That’s when the revelation began ….

I then realized from past experience, that when she is so deeply concerned about Nathan , more than normal , there is definitely something deeper going on. So I asked ,” Autumn , what is going on with you. “ she said “mom, nothing, I just want Nathan to do what’s right because I am.”

I then said Autumn ,” let’s inspect your room the way you inspected Nathan’s” she said “ ok, fine.” I walked around and everything looked great. Her toys were in order , her bed was made , her dresser was dusted . She was standing their looking so proud . Then, came the closet . As I opened the door , I could see she immediately remembered that she stuffed everything she didn’t feel like dealing with as she cleaned up her room that morning .

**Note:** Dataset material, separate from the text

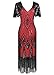 Women's 1920s Gatsby Inspired Sequin Beads Long Fringe Flapper Dress w/Accessories Set, Black&red, XX-Large

I said “Autumn, why are you telling on Nathan, when your closet looks like this . Did you think I wouldn’t see it . She said “no, mom I forgot.” I told her “ you forgot about your mess in your closet , because you walked by Nathan’s room and got so caught up in what he wasn’t doing right, that you were blinded from seeing your own mess . Isn’t it more dangerous to come into a room you think is clean and trust that it’s ok, only to open the closet and be hit with all this mess piled up.”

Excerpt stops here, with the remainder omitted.